Content starts

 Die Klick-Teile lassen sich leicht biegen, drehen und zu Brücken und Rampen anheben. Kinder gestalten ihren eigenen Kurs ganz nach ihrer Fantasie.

Content ends
Content starts

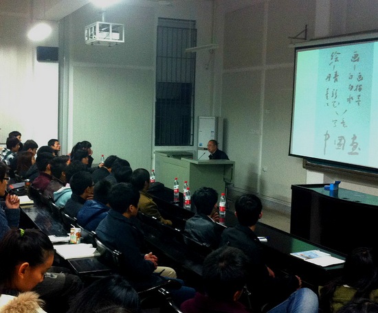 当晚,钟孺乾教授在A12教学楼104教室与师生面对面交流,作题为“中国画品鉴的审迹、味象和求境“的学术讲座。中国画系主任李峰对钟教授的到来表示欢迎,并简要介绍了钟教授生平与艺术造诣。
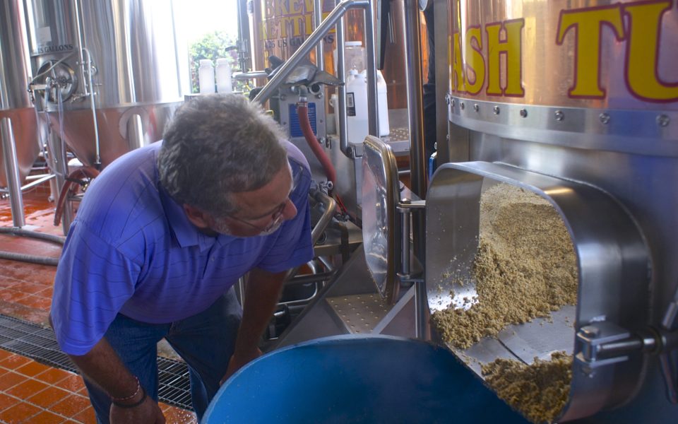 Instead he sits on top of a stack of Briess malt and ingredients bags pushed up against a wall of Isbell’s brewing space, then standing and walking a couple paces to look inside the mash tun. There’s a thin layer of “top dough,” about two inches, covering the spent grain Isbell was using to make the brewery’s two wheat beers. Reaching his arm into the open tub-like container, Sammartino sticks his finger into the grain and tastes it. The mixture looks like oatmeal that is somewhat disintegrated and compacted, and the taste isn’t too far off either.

Content ends
Content starts

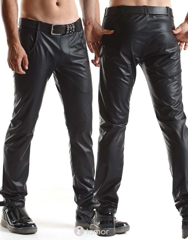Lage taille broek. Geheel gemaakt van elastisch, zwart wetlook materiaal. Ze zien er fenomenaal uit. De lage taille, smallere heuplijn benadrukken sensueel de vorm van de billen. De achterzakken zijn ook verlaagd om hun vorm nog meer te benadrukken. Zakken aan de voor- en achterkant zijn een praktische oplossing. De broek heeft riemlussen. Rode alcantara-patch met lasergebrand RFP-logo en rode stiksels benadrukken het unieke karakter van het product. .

Content ends

> **TASK INSTRUCTIONS**
Reproduce the lines above starting at the one with "当晚,钟孺乾教授在A12教学" and ending at the one with "Instead he sits", both included, exactly and with no pictures.

> **RESULT**
 当晚,钟孺乾教授在A12教学楼104教室与师生面对面交流,作题为“中国画品鉴的审迹、味象和求境“的学术讲座。中国画系主任李峰对钟教授的到来表示欢迎,并简要介绍了钟教授生平与艺术造诣。
 Instead he sits on top of a stack of Briess malt and ingredients bags pushed up against a wall of Isbell’s brewing space, then standing and walking a couple paces to look inside the mash tun. There’s a thin layer of “top dough,” about two inches, covering the spent grain Isbell was using to make the brewery’s two wheat beers. Reaching his arm into the open tub-like container, Sammartino sticks his finger into the grain and tastes it. The mixture looks like oatmeal that is somewhat disintegrated and compacted, and the taste isn’t too far off either.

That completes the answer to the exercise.